A new ransomware strain dubbed, Mallox (aka TargetCompany, FARGO, and Tohnichi) is actively targeting and attacking Microsoft SQL (MS-SQL) servers.
Since June 2021, this new ransomware strain has been active, and it’s noteworthy, as it targets the MS-SQL servers that are not secured in an attempt to penetrate and breach the networks of the victims.
Mallox ransomware was recently identified by the security researchers at Unit 42, who noted a significant surge (174% ) in Mallox ransomware using MS-SQL servers for distribution, employing brute force, data exfiltration, and network scanners.
Mallox Ransomware
Mallox ransomware adopts double extortion tactics by encrypting files and stealing data, using it as leverage to pressure victims into paying the ransom.
With redacted names and logos, the group exhibits leaked data, giving victims private keys for negotiations and payments.

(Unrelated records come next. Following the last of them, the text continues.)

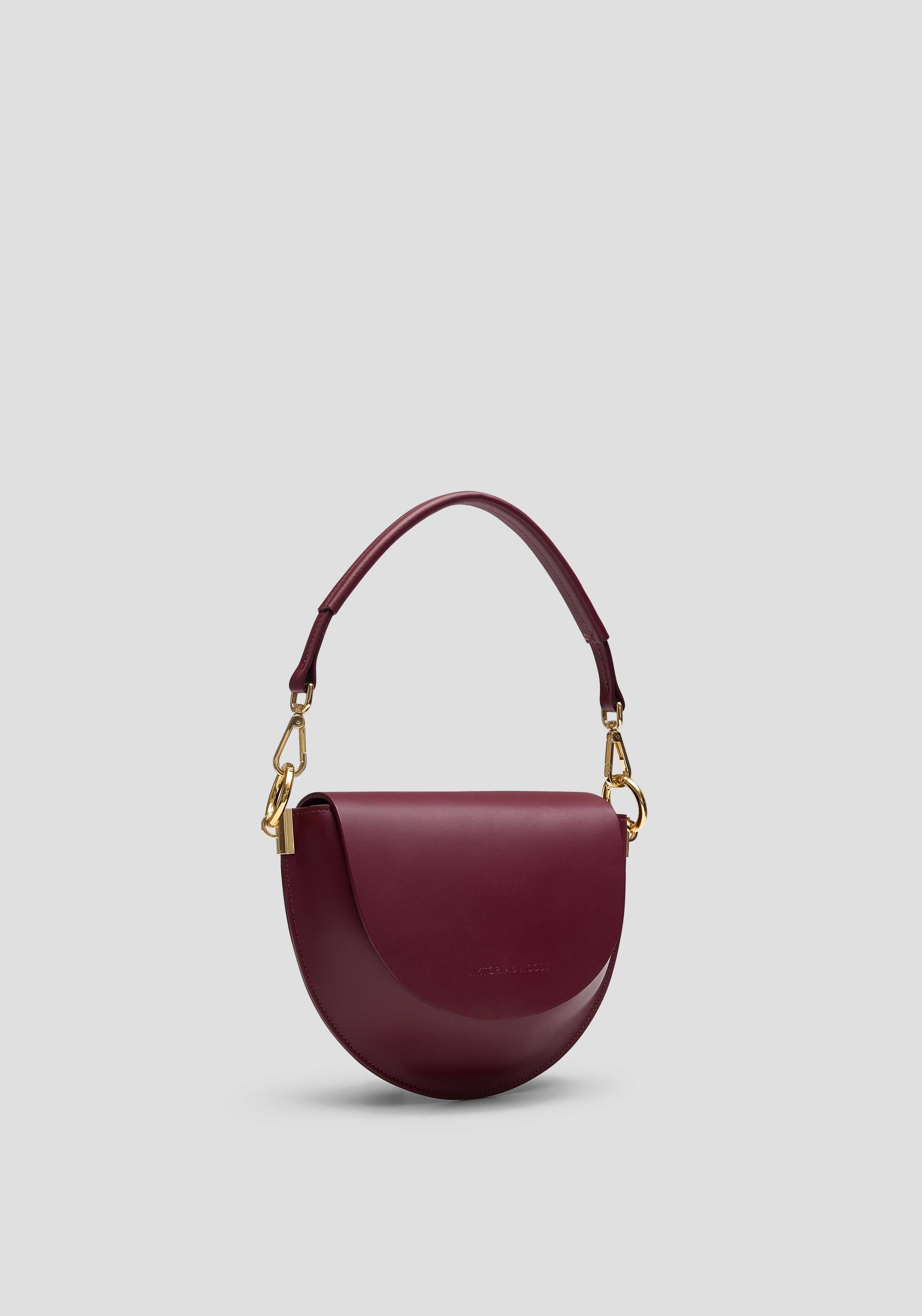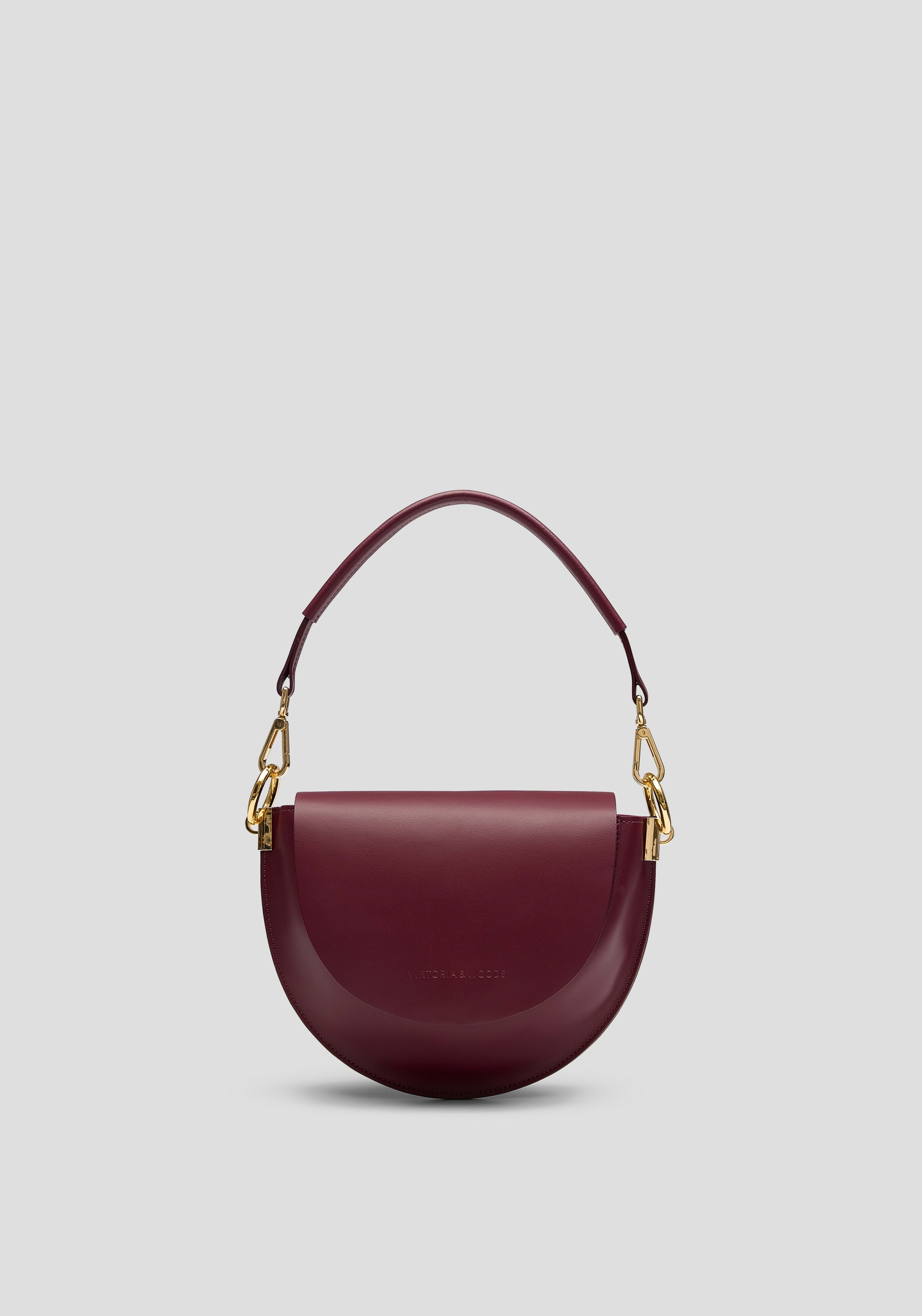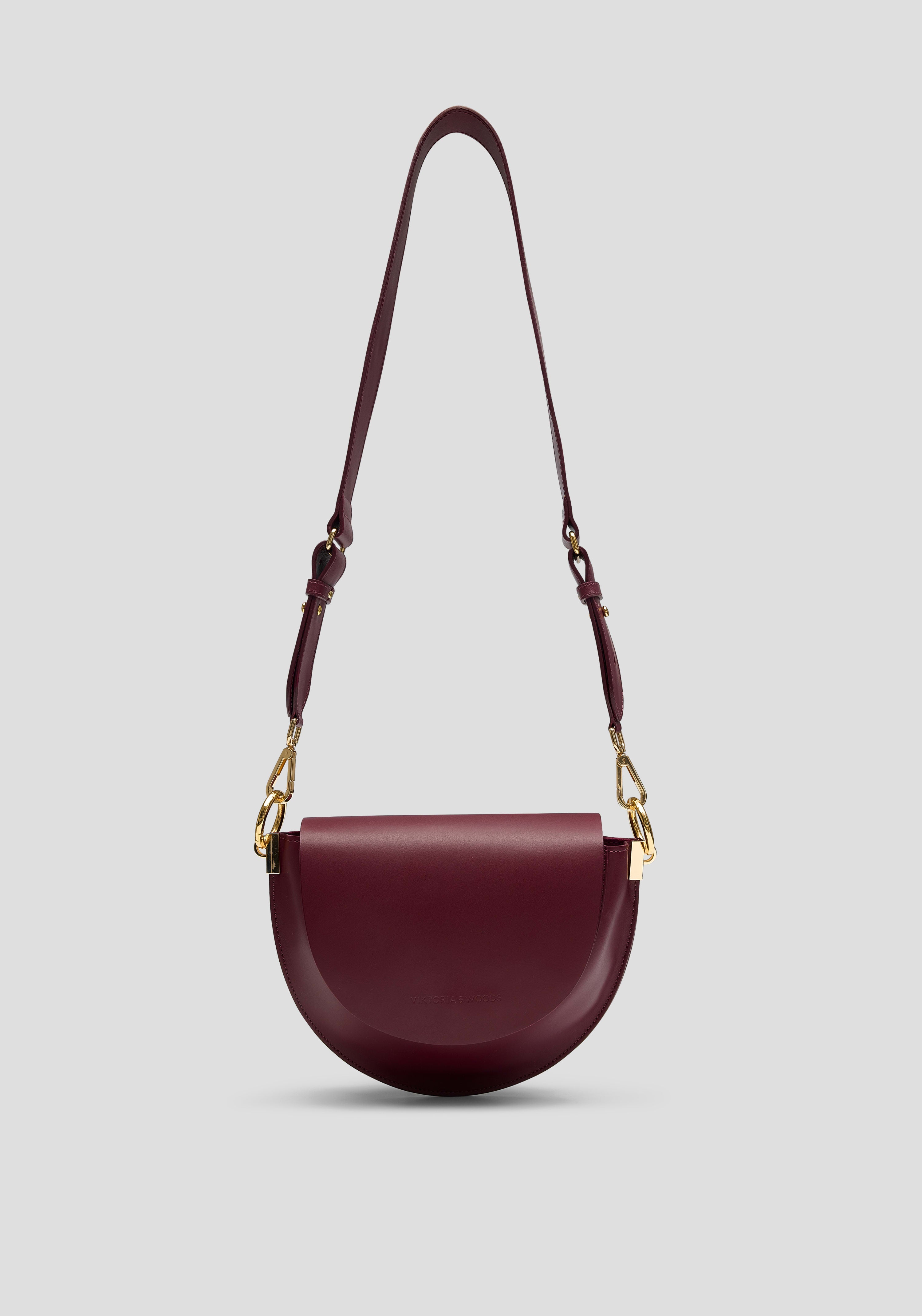 The iconic Jude Cross Body Bag returns in luxurious oxblood leather, fusing seasonal indulgence with timeless appeal. Featuring a sleek saddle silhouette, it includes a two-compartment interior, gold hardware, and a debossed logo. Complete with a removable, adjustable crossbody strap, it perfectly balances elegance and functionality for effortless everyday styling.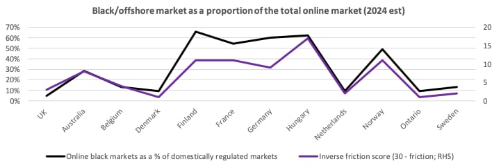 The harder it is to access regulated betting, the more players turn offshore. A warning for Japan. Source: Regulus Partners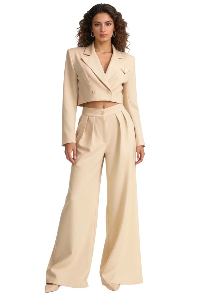 Costum casual de dama Elysian, cu sacou scurt si pantaloni wide leg, Crem, Marime S/M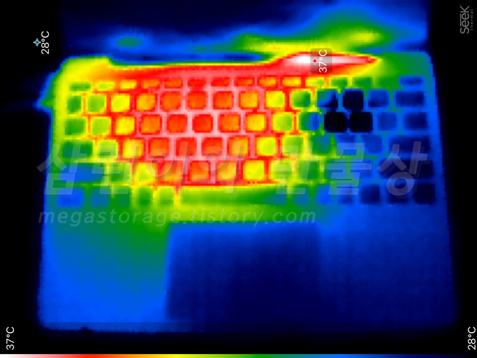 쿨러는 단 하나입니다. 어딘가로 들어온 공기들을 오른쪽 방향으로 빼냅니다. 이 공기들이 들어올 곳은 모니터와 키보드 사이의 힌지쪽 구멍 뿐입니다. 발열 관리가 매우 취약한 구조입니다.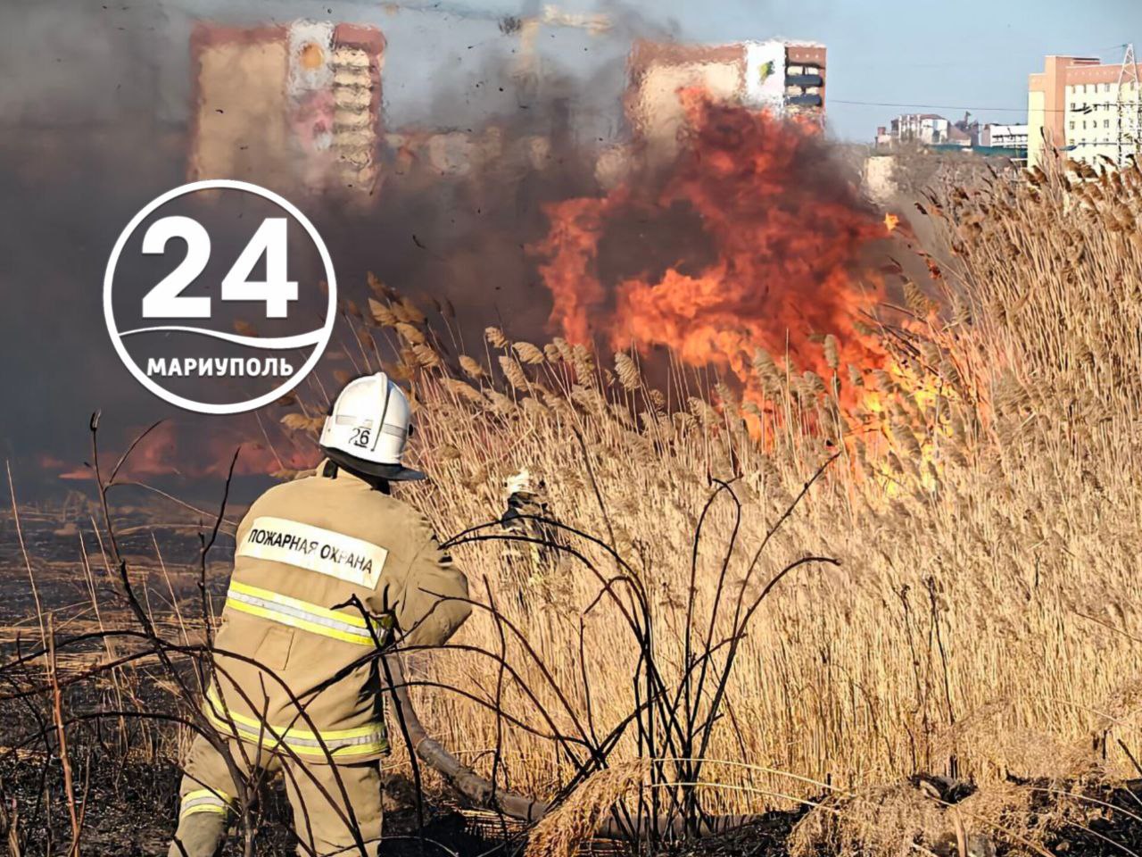 Видео тушения возгорания камыша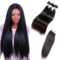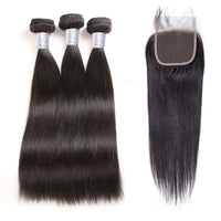 - 【Package: Straigjt Hair 3 Bundles with Lace Closure 4x4inch, Pack of 4pcs.】

The group behind Mallox ransomware boasts hundreds of victims, but telemetry of Unit 42 reveals dozens worldwide from various industries, including:-
Manufacturing
Professional services
Legal services
Wholesale
Retail
Mallox activities surged throughout 2023, with a staggering 174% rise in attacks compared to late 2022.
The persistent Mallox group employs a consistent strategy for initial access, targeting unsecured MS-SQL servers via dictionary brute force, followed by command line and PowerShell to download the ransomware payload.
Execution of Mallox
For successful execution, the ransomware payload makes numerous attempts prior to encryption. Here below we have mentioned all the attempts:-
Attempts to stop and remove SQL-related services using sc.exe and net.exe.
Attempts to delete volume shadows, restricting file restoration after encryption.
Attempts to erase logs using Microsoft’s wevtutil command line, evading detection and forensic analysis.
Using takeown.exe, ransomware alters file permissions, blocking access to critical system processes like cmd.exe.
Blocks manual System Image Recovery with bcdedit.exe, limiting the system administrator’s options.
It uses taskkill.exe to terminate security processes and evade security solutions.
By removing the registry key, it tries to defeat Raccine anti-ransomware.
Ransom Note
In every directory on the drive of the victim, the ransomware drops a ransom note explaining the infection and offering contact details.
Although Mallox is a small and closed group, the group seeks growth by recruiting affiliates to expand its illicit operations. With successful affiliate recruitment, Mallox could broaden its scope and target additional organizations.
Unit 42 advises proper configuration and patching for internet-facing applications and systems to minimize the attack surface, limiting attackers’ options.